Abstract

Abstract Objective To characterize the existing tensions between actors which condition the implementation of the renewed primary healthcare (PHC), in the context of the most recent Colombian post-conflict years, in the territories of high rurality of the Pacific Coast. Methods We performed a qualitative study based on action research methodology with a critical and reflexive analysis of the social and institutional actors in the implementation of the Renewed PHC model in dispersed rural areas (Afro-Colombian and indigenous) the Pacific coast. We analyzed the different interested parties and the concordance between the community and institutional actors. Results The level of implementation of the Renewed PHC in high rurality territories of the Colombian Pacific Coast, intersects with tensions arising from the armed conflict, that affect sustainability and governance of the territory, and the intercultural tensions between the national health model in Colombia and the communities' social representations of their own health and development. Only 25% of the Renewed PHC elements are present, under low or medium conditions. Analysis of actors -Stakeholders-, according to their nature, level of presence, and power in the area indicates the absence of the Colombian government in these territories.
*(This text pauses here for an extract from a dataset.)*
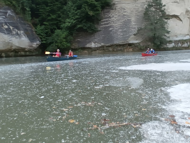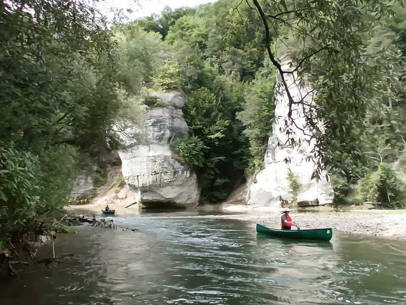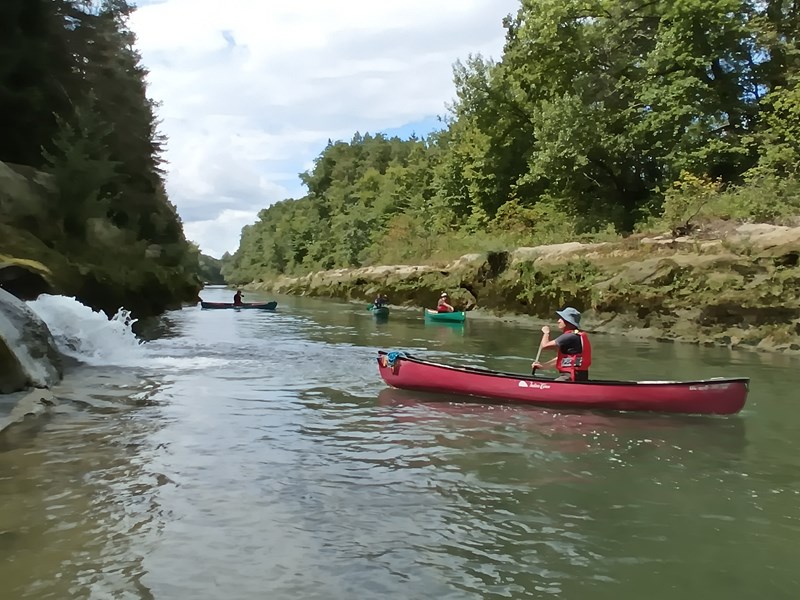 Lehrprogramm: Dieser wunderschöne Flussabschnitt bietet viele ausgeprägte Kehrwasser und Stromzungen. Präzise Fahrweise, erkennen der Route und Schwierigkeiten.

Members of the community and their health resources constitute 48% of the Renewed PHC parties. Conclusions Limited understanding of the ethnic logics on health and development stands out as the main tension among actors to advance with the implementation of the Renewed PHC in post-conflict territories with high rurality. The national health model has a low capacity to accurately address health priorities from the Afro-descendant and Indigenous communities occupying such territories, with a differentiated, intercultural offer that would be able to act integrally on the dynamics of the illegal economy (illegal mining and illicit crops), which can seriously compromise their food security. Key messages Only 25% of the components of the renewed PHC are present in the territories with high dispersed rurality. In the post-conflict period, there are still tensions between community actors and stakeholders (Institutions).